Non si ferma l’inchiesta sui casi di caporalato nella moda della Procura di Milano, che ha rivelato come altri 203 operai lavorerebbero in condizioni di sfruttamento in centri di produzione che forniscono 13 grandi aziende del lusso ancora non coinvolte nelle indagini. Si tratta di marchi di alta moda come Dolce e Gabbana, Versace, Prada, Gucci, e Yves Saint Laurent; nella lista appaiono anche Off-White, Missoni, Ferragamo, Alexander McQueen, Givenchy, Pinko, Coccinelle e Adidas. La Procura ha chiesto alle aziende di consegnare una serie di documenti al fine di appurare il loro eventuale grado di coinvolgimento nel fenomeno dello sfruttamento dei lavoratori. Nelle indagini erano già finite coinvolte Tod’s Alviero Martini spa, Armani Operations, Dior, Loro Piana e Valentino.
La Procura di Milano allarga così in modo significativo il suo fronte d’indagine sul caporalato e lo sfruttamento del lavoro nelle filiere del made in Italy, coinvolgendo alcune delle più prestigiose firme della moda globale.
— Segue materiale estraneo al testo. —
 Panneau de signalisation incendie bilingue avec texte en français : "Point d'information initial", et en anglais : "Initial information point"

Il pubblico ministero Paolo Storari, con i carabinieri del Nucleo ispettorato del lavoro, ha notificato ordini di consegna che riguardano committenti e fornitori. Ai marchi è stato richiesto di fornire documentazione per «appurare il grado di coinvolgimento» delle società e «l’idoneità dei modelli organizzativi» a prevenire tali fenomeni. Si concede dunque tempo alle aziende per autocorreggersi, presentando spontaneamente i propri modelli di prevenzione, gli audit interni e la documentazione sui fornitori. Negli atti notificati, la Procura precisa di aver «rilevato che, nell’ambito delle indagini svolte, sono emersi episodi di utilizzo di manodopera di etnia cinese in condizioni di pesante sfruttamento» che ha lavorato anche per queste aziende. Per ciascun brand, vengono indicati i fornitori critici già individuati, il numero di lavoratori trovati in condizioni di bisogno e gli articoli di lusso sequestrati, pronti per essere rimessi in commercio.
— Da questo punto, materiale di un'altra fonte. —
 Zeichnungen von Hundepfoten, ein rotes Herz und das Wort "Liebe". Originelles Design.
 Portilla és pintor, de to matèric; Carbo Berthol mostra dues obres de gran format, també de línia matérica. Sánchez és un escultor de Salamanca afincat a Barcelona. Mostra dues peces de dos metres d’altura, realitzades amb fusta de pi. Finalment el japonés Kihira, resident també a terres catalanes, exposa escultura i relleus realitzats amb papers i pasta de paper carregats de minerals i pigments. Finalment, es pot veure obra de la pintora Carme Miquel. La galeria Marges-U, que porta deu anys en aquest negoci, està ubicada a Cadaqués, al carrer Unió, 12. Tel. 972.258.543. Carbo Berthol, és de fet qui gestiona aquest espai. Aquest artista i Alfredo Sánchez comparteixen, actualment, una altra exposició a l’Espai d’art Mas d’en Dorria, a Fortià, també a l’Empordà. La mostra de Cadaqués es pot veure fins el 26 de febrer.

Questa mossa arriva dopo settimane di tensione, in seguito al caso che ha coinvolto [1] il marchio Tod’s: nell’inchiesta sul gruppo sono emerse accuse che potrebbero configurare consapevolezza nella certificazione delle linee di produzione. Davanti al giudice il management ha dichiarato la volontà di collaborare per la «dignità» dei lavoratori, ma la Procura avverte che la linea può irrigidirsi e tradursi in commissariamenti qualora non vengano cambiati gli assetti degli appalti, come già avvenuto per altre grandi case. Dal marzo 2024, il Tribunale di Milano ha infatti disposto l’amministrazione giudiziaria per Alviero Martini spa, Armani Operation, Manufacture Dior, Valentino Bags Lab e Loro Piana di Lvmh: non risultano formalmente indagate, ma si ritiene [2] abbiano agevolato in modo colposo e inconsapevole lo sfruttamento. Il sistema illegale era emerso in tutta la sua gravità già con il caso della fornitura Crocolux di Trezzano sul Naviglio, dove nel 2023 morì un giovane operaio bengalese.
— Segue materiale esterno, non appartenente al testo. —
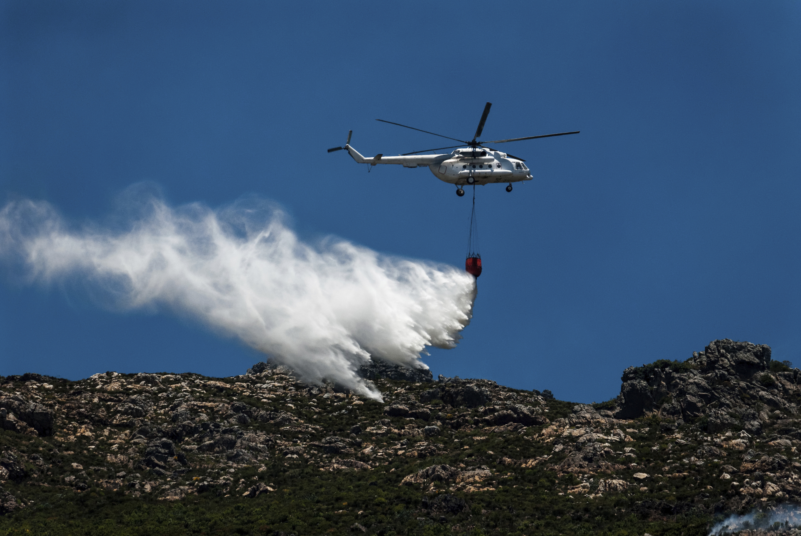 A helicopter sprays water over a forest fire, 2008.
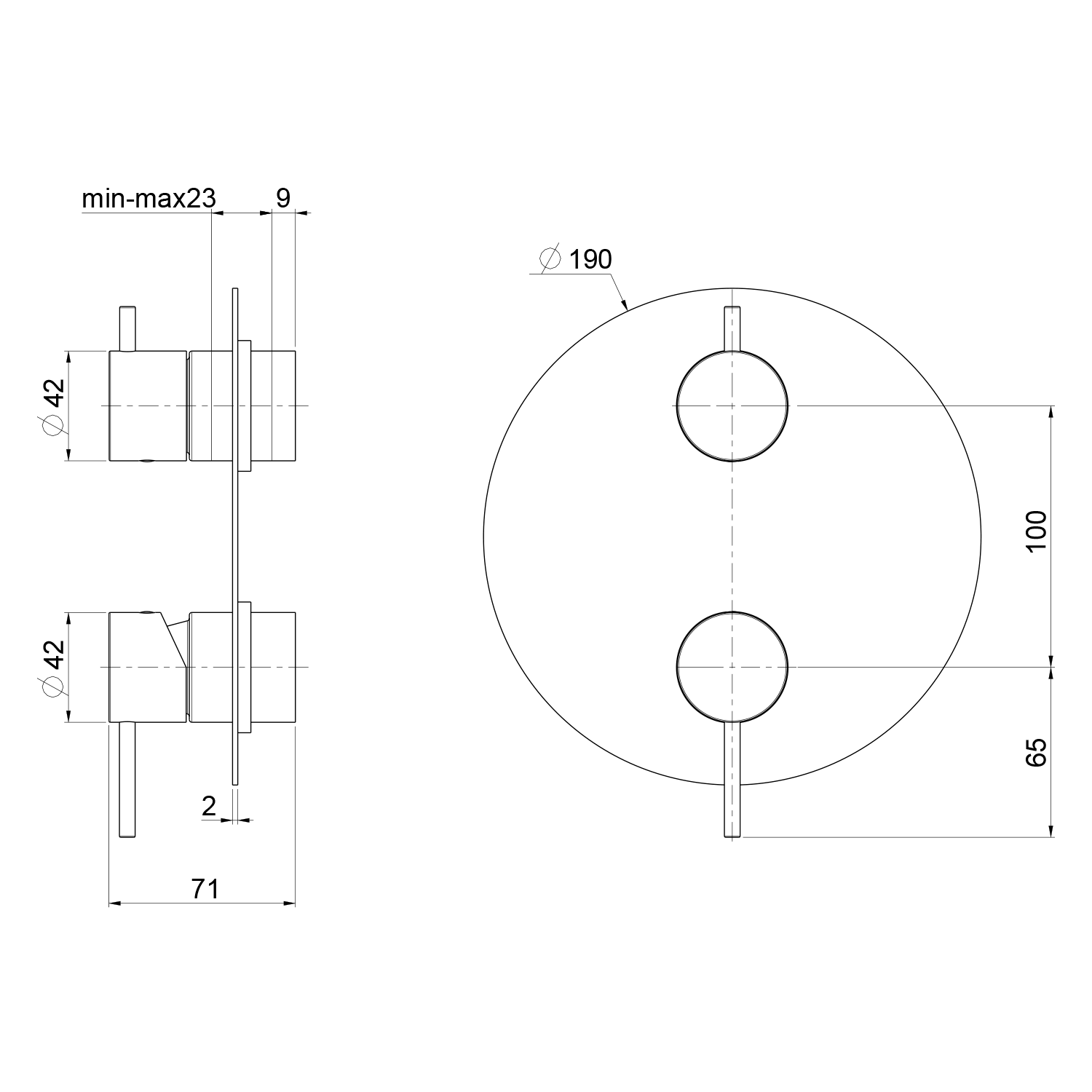 ULTRAMIX podomítková sprchová baterie, 2 výstupy, otočný přepínač, černá mat/chrom
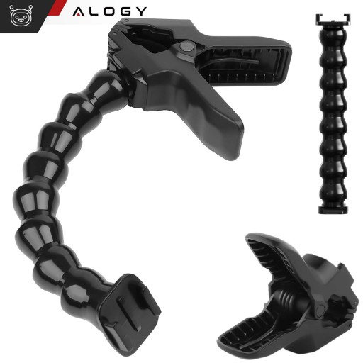▶️ Uchwyt statyw wysięgnik giętki Alogy 2w1 do kamery sportowej GoPro klips do Blatu biurka poręczy roweru Mocowanie Czarny
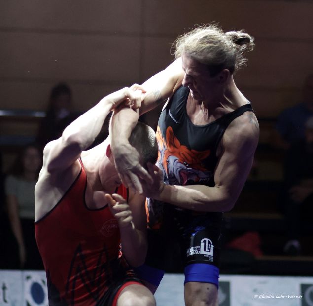 Nach der Halbzeit kämpfte Leon Lange (71 kg) im ungeliebten Freistil, da Florian Pohl erneut verletzungsbedingt pausieren musste. „Er hat sich ganz stark gegen die drohende vorzeitige Niederlage gewehrt“, lobte Steffen Richter. Gegen den starken Malte Guthmann wurde es so am Ende „nur“ ein 0:3. Hoffnung gab’s anschließend wieder durch Kevin Mehlhorn, der den Leipziger Trainer Kirk Haupt nach nur 30 Sekunden per Kopfschleuder ausknockte.

Le indagini mostrano un modello trasversale, con filiere ramificate e fino a sette livelli di subappalto, dove il cuore del profitto illegale è la compressione estrema di costi e diritti. Il cosiddetto “metodo Storari”, molto discusso in ambito giuridico, segna un’inversione di prospettiva: per la prima volta si risale in modo sistematico alla committenza finale, cercando di attribuire responsabilità lungo l’intera catena di produzione. L’azione della Procura meneghina è infatti volta a riportare al centro della responsabilità non solo le piccole officine abusive, ma l’intero sistema del lusso che da esse trae beneficio, con ricarichi che dagli atti risultano poter raggiungere anche il 10.000%.